Excerpts from a dataset:
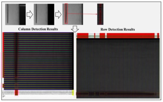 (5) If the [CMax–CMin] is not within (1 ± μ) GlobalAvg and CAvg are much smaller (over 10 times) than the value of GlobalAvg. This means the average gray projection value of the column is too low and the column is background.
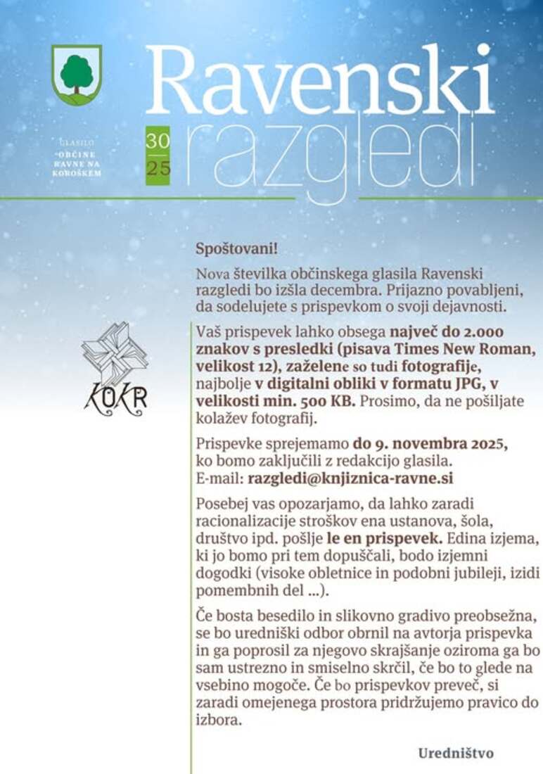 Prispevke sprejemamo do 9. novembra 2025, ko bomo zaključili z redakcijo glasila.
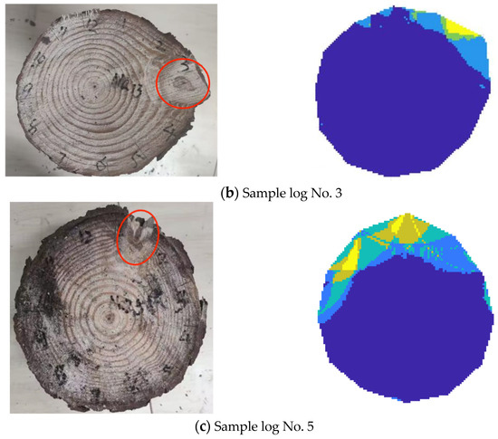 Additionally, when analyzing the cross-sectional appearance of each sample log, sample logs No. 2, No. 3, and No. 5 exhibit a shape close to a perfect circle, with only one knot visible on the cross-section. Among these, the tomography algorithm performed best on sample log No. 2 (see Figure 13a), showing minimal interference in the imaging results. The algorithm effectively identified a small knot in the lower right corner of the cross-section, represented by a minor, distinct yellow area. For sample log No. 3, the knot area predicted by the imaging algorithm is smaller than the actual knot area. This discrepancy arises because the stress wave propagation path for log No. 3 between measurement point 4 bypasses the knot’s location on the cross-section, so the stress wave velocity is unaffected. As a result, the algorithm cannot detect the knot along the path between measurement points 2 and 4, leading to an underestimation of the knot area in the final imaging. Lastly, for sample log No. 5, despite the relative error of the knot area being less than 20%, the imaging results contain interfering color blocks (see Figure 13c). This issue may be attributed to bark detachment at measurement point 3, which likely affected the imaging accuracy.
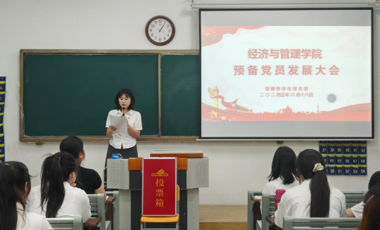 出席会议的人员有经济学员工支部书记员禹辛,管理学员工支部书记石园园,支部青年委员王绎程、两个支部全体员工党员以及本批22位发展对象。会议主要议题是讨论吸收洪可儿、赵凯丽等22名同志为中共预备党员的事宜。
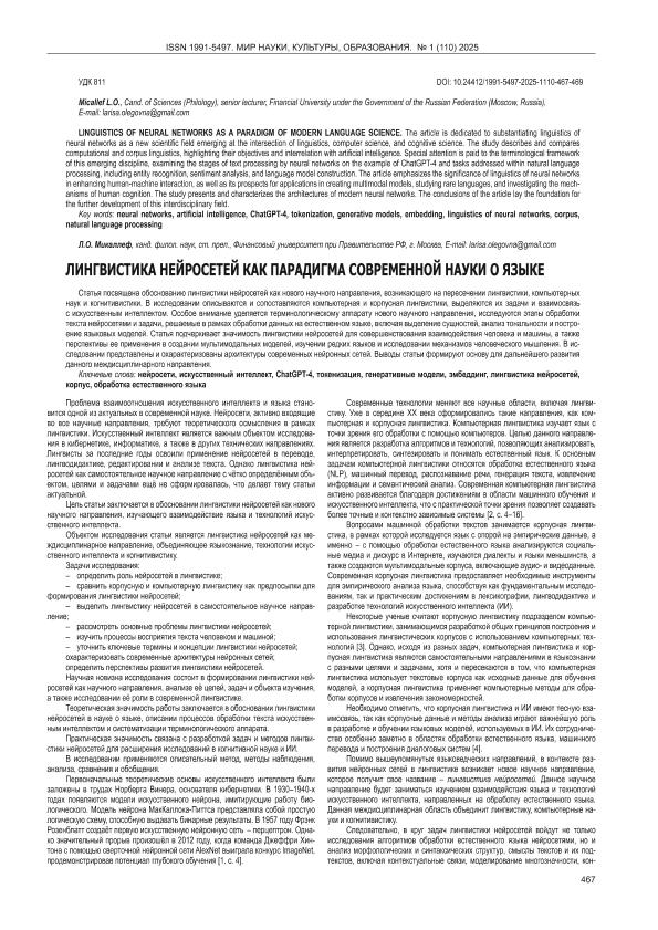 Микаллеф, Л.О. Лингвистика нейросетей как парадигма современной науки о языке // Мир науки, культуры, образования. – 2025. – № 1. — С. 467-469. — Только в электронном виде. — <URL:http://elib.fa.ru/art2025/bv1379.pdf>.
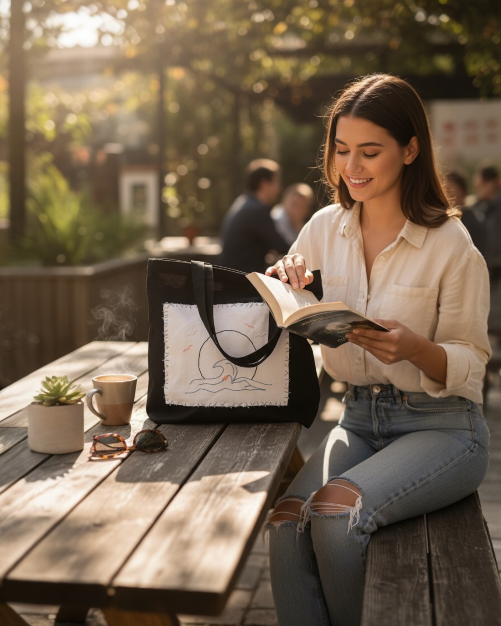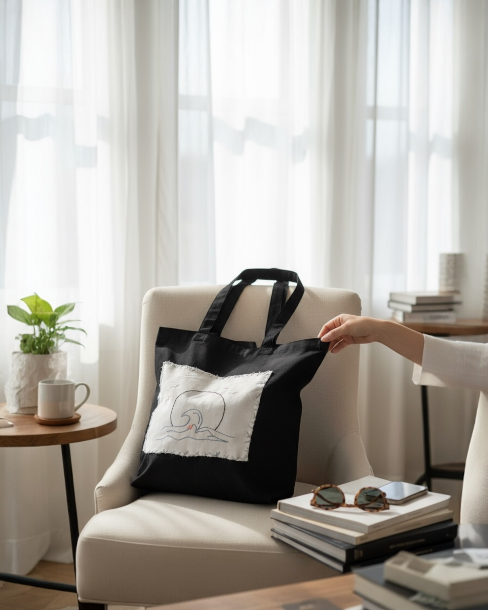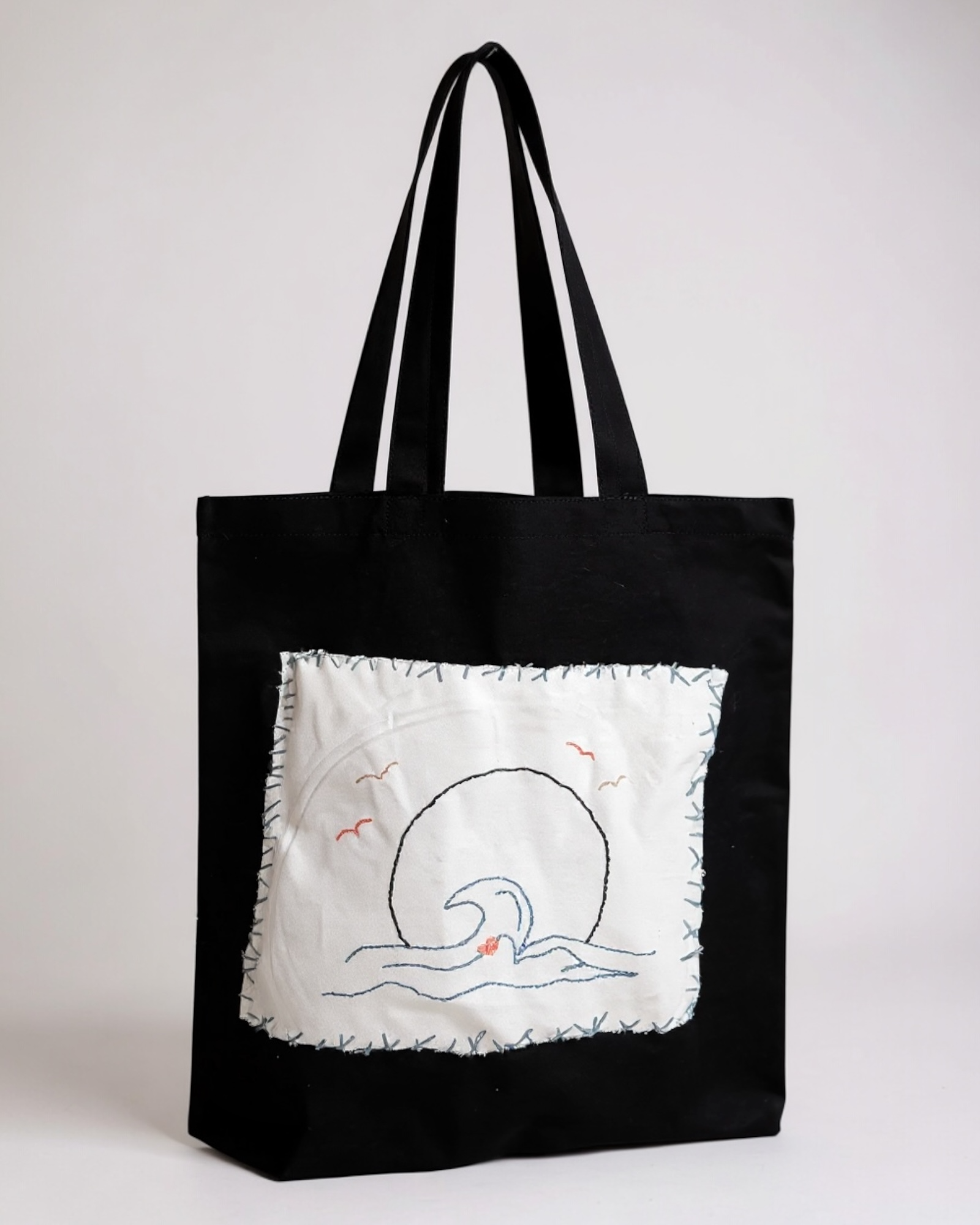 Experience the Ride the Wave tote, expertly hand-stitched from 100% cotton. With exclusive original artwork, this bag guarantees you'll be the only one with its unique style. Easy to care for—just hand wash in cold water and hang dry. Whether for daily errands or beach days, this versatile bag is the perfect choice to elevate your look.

Assignment: What you give back must match the entries exactly, apart from the omitted pictures.

Output for this exercise:
 (5) If the [CMax–CMin] is not within (1 ± μ) GlobalAvg and CAvg are much smaller (over 10 times) than the value of GlobalAvg. This means the average gray projection value of the column is too low and the column is background.
 Prispevke sprejemamo do 9. novembra 2025, ko bomo zaključili z redakcijo glasila.
 Additionally, when analyzing the cross-sectional appearance of each sample log, sample logs No. 2, No. 3, and No. 5 exhibit a shape close to a perfect circle, with only one knot visible on the cross-section. Among these, the tomography algorithm performed best on sample log No. 2 (see Figure 13a), showing minimal interference in the imaging results. The algorithm effectively identified a small knot in the lower right corner of the cross-section, represented by a minor, distinct yellow area. For sample log No. 3, the knot area predicted by the imaging algorithm is smaller than the actual knot area. This discrepancy arises because the stress wave propagation path for log No. 3 between measurement point 4 bypasses the knot’s location on the cross-section, so the stress wave velocity is unaffected. As a result, the algorithm cannot detect the knot along the path between measurement points 2 and 4, leading to an underestimation of the knot area in the final imaging. Lastly, for sample log No. 5, despite the relative error of the knot area being less than 20%, the imaging results contain interfering color blocks (see Figure 13c). This issue may be attributed to bark detachment at measurement point 3, which likely affected the imaging accuracy.
 出席会议的人员有经济学员工支部书记员禹辛,管理学员工支部书记石园园,支部青年委员王绎程、两个支部全体员工党员以及本批22位发展对象。会议主要议题是讨论吸收洪可儿、赵凯丽等22名同志为中共预备党员的事宜。
 Микаллеф, Л.О. Лингвистика нейросетей как парадигма современной науки о языке // Мир науки, культуры, образования. – 2025. – № 1. — С. 467-469. — Только в электронном виде. — <URL:http://elib.fa.ru/art2025/bv1379.pdf>.
 Experience the Ride the Wave tote, expertly hand-stitched from 100% cotton. With exclusive original artwork, this bag guarantees you'll be the only one with its unique style. Easy to care for—just hand wash in cold water and hang dry. Whether for daily errands or beach days, this versatile bag is the perfect choice to elevate your look.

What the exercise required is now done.